One of the world’s largest Holocaust archives is accessible online for the first time after a three-year digitisation of much of the collection.

Announced on Holocaust Memorial Day, the Wiener Holocaust Library’s new online platform includes more than 150,000 items collected over nine decades. Users can view letters, pamphlets and photographs that record the rise of fascism in Britain and Europe.

The director of the library, Dr Toby Simpson, said the project had been in the works for more than 10 years and he hoped it would help it find a new audience of scholars and become a “new way of bearing witness in the digital age”.

Some of the most fascinating items are Tarnschriften or “hidden writings” – anti-fascist propaganda hidden in everyday items including powder shampoo and tea leaves. Concealed in luggage and smuggled across borders into Germany, the writing was one of the few ways for Germans to become aware of the Nazis’ activities.

An independent Labour party pamphlet from 1936 created after the Battle of Cable Street in London. Photograph: Wiener Holocaust Library Collections

“They’re camouflaged anti-Nazi pamphlets,” said Simpson. “They wanted to get the message into Germany, it was impossible for people to get that literature from any other source. If anyone was caught with anti-Nazi material they could be beaten up or arrested by the Gestapo.”

He added: “The disguises were incredibly elaborate, one included instructions for how to take care of your cactus. The hope was that if your luggage was searched on the train they would hopefully just pass over it and not realise what you were carrying.”

Each year the library receives about 50 collections, which can range from a few letters donated by individuals to entire archives, such as the dozens of boxes of material it received from the Jewish Committee for Relief Abroad, an organisation that helped displaced people.

The digitisation process has given the museum a chance to review material it has long held, uncovering stories that have laid in the archive perhaps untouched for decades.

“There have been nine decades and in each of those decades society’s understanding of the Holocaust has evolved over time and this collection is a chronicle of that process,” said Simpson. “Often the story of how the material came to us is as interesting as the items themselves.”

Within the collection are items that cover the activities of British fascists, such as Oswald Mosley and the British Union of Fascists, and the anti-fascist movement that took on the far-right threat in Britain before and after the second world war.

“We have to be a bit careful because some of these groups are still active, so there are downloading restrictions in place, but we think it’s important for people to be able to use these documents to investigate this history because it’s too little understood,” Simpson said.

There are items from the German occupation of British territory, including a reward card from one of the Nazi commandants in Jersey for anyone willing to inform on their neighbours.

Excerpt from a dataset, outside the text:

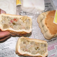 Theo lời giới thiệu của một chủ đại lư bánh Trung thu, chúng tôi t́m đến cơ sở sản xuất bánh Trung thu Ngọc Khánh của một người đàn ông có tên là Vinh "rắn". Cơ sở sản xuất Ngọc Khánh có khoảng hơn 50 công nhân đang h́ hục quấy bột, nặn bánh, đóng bao. Điều ngạc nhiên là tất thảy công nhân đều không dùng găng tay mà cứ tay trần nhào, khuấy, nặn. Phía bên trong ngôi nhà, gần nhà vệ sinh có một chiếc thùng hoen gỉ, nơi hai người phụ nữ mồ hôi nhễ nhại đổ nguyên liệu, rồi quấy đều. Khi quấy xong, một nhân công khác cầm chiếc chậu cáu bẩn, màu vàng nhơ vục một chậu đầy rồi đem ra góc nhà nơi 4 - 5 nhân công khác đang chờ sẵn. Đám nhân công khác hối hả cấu từng miếng bột, vo tṛn, rồi nhét một cục nhân màu xanh đen làm bằng bột đậu vào giữa. Mọi công đoạn diễn ra nhanh chóng, khẩn trương để "chạy đua" với thời gian. Ngay lối vào xưởng bánh, chúng tôi đă ngộp thở bởi cái mùi chua gắt từ nhân bánh quyện với mùi nước thải. Rác thải vương văi khắp nơi. V́ thế mà ruồi nhặng phát triển đến cả ngàn con. Chúng có ở khắp nơi. Một mẻ bánh vừa được ra ḷ chưa kịp cất đă bị đám ruồi như những hạt đậu đen bâu kín.

“We ask ourselves what we would have done in similar circumstances and there’s something about seeing something in your own language that makes it more immediate,” said Simpson.

Detail from a photo of child survivors at Auschwitz-Birkenau, a still photograph from a Soviet army film taken by Alexander Vorontsov, a cameraman in the film unit of the First Ukrainian Front. Photograph: Wiener Holocaust Library Collections

One of the items the library is most excited about is a logbook from the office of Thomas Cook in Lisbon, Portugal, which became a key route for Jewish refugees who fled central and eastern Europe via the Pyrenees and the Iberian peninsula.

“People who were trying to get their luggage out would deposit their items with Thomas Cook, so this logbook contains names of those who were using that route. It’s completely unique.”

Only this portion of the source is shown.